Could you transcribe exactly the lines below, from the line with "設定手順③:Bedrock Guardrails への組み込み" through the line with "BoltAI: Access ChatGPT", and nothing else, leaving out the pictures?

Start of THE DATA

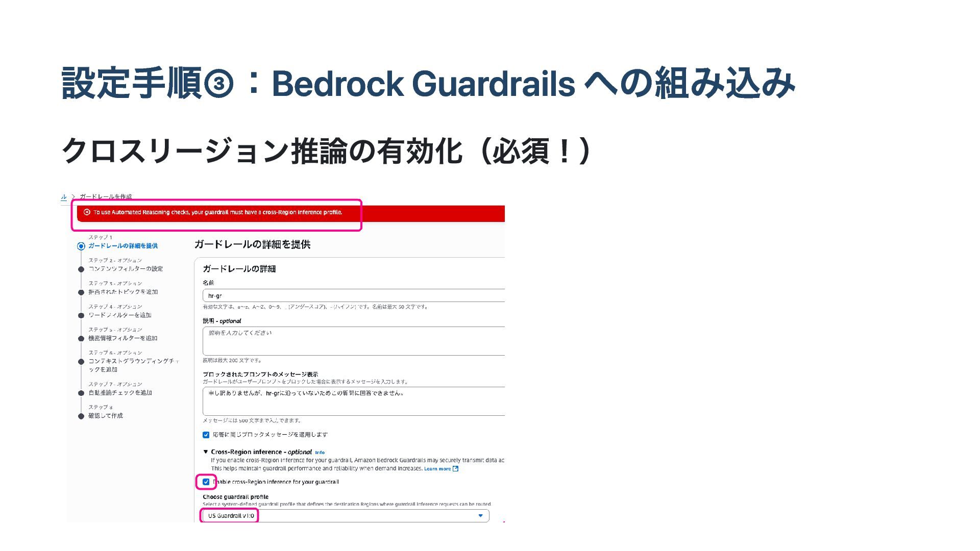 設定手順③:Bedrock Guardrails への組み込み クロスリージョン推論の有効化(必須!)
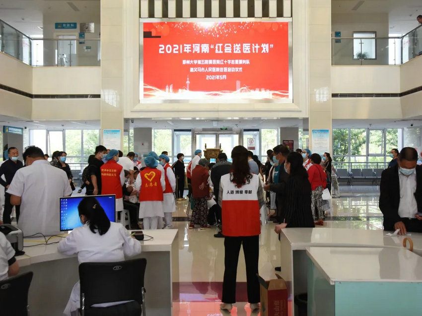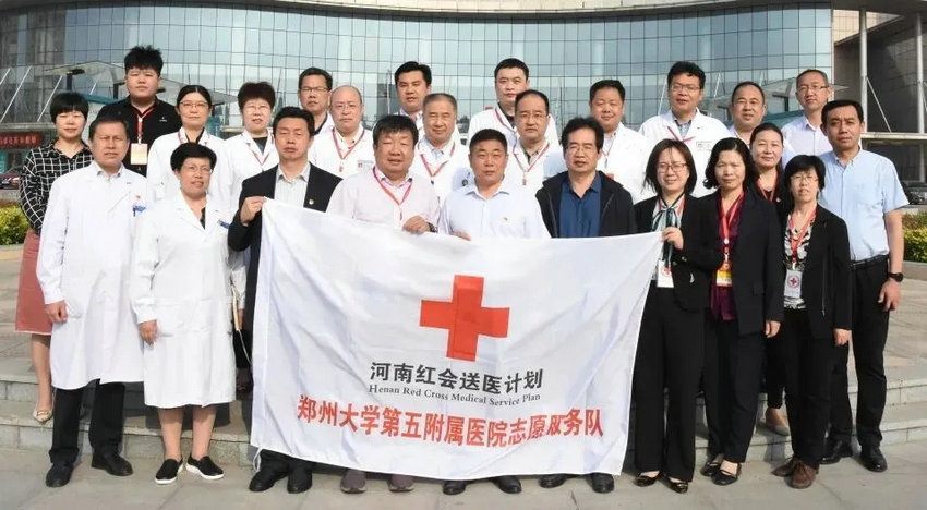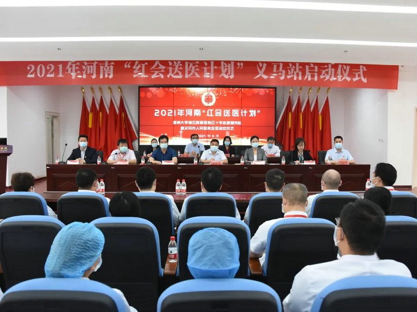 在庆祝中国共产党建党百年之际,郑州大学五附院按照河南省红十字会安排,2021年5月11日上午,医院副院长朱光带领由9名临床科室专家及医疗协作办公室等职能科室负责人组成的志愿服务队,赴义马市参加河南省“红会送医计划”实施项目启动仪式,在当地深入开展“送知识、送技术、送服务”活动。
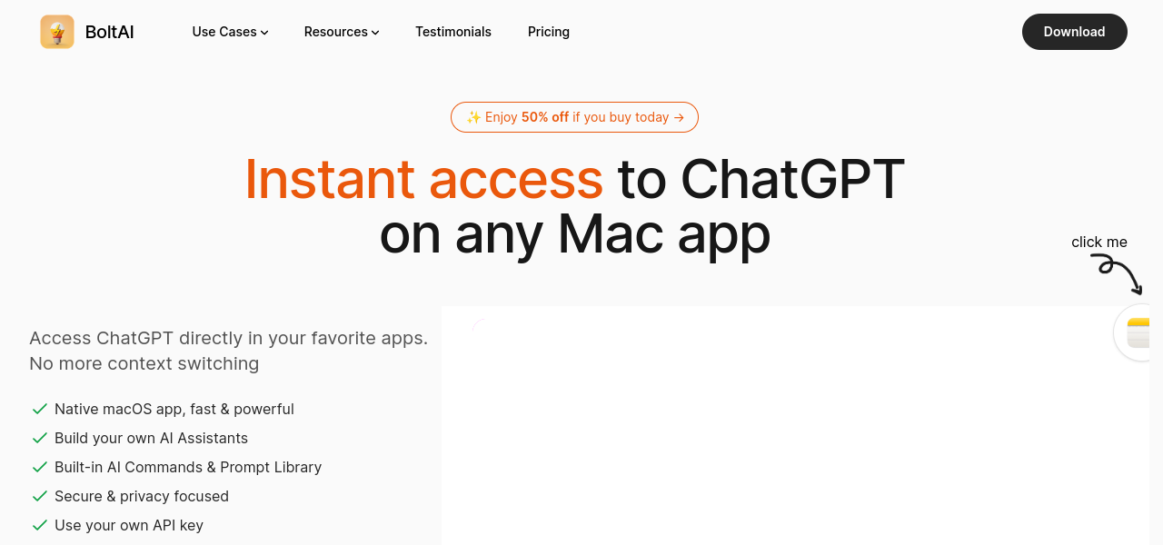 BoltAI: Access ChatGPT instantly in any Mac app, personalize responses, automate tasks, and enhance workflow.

End of THE DATA
Start of THE DATA

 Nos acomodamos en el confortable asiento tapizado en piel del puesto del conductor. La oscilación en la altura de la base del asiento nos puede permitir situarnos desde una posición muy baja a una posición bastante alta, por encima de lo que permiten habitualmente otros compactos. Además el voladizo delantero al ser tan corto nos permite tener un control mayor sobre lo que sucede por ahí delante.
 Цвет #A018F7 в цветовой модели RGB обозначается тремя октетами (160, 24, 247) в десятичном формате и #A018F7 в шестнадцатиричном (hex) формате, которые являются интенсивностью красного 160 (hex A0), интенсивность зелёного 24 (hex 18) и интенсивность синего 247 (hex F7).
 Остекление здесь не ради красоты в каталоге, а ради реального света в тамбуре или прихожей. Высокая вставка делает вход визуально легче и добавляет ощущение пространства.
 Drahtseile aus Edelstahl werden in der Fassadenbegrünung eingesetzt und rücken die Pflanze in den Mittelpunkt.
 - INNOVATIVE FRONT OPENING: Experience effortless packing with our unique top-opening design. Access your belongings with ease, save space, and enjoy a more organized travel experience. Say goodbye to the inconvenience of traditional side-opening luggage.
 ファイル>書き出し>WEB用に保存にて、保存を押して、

End of THE DATA

TASK OUTPUT.
 設定手順③:Bedrock Guardrails への組み込み クロスリージョン推論の有効化(必須!)
 在庆祝中国共产党建党百年之际,郑州大学五附院按照河南省红十字会安排,2021年5月11日上午,医院副院长朱光带领由9名临床科室专家及医疗协作办公室等职能科室负责人组成的志愿服务队,赴义马市参加河南省“红会送医计划”实施项目启动仪式,在当地深入开展“送知识、送技术、送服务”活动。
 BoltAI: Access ChatGPT instantly in any Mac app, personalize responses, automate tasks, and enhance workflow.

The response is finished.